*** Begin section ***
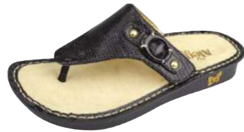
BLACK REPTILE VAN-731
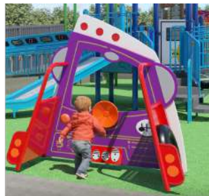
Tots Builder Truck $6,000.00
*** End section ***
*** Begin section ***
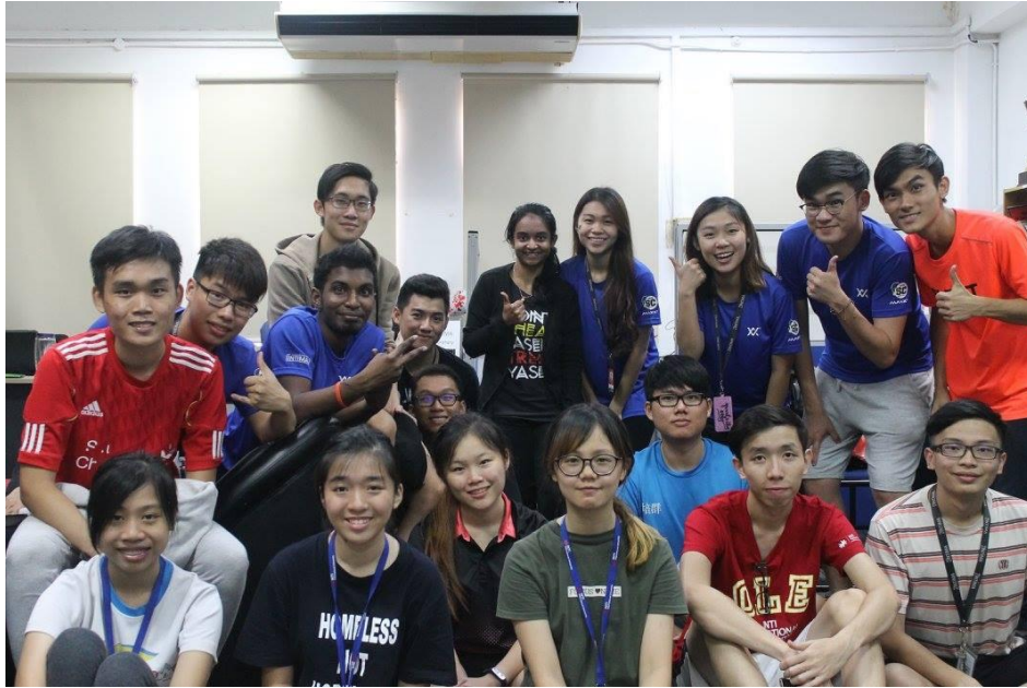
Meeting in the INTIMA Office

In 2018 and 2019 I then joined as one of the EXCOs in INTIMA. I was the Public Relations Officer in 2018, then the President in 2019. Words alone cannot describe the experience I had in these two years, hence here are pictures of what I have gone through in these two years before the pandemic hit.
*** End section ***
*** Begin section ***
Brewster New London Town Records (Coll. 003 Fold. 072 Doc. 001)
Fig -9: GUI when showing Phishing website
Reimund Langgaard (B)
*** End section ***
Copy out, in full, each line above that has the word "INTIMA" in it.

## SOLUTION TO THE PROBLEM
Meeting in the INTIMA Office
In 2018 and 2019 I then joined as one of the EXCOs in INTIMA. I was the Public Relations Officer in 2018, then the President in 2019. Words alone cannot describe the experience I had in these two years, hence here are pictures of what I have gone through in these two years before the pandemic hit.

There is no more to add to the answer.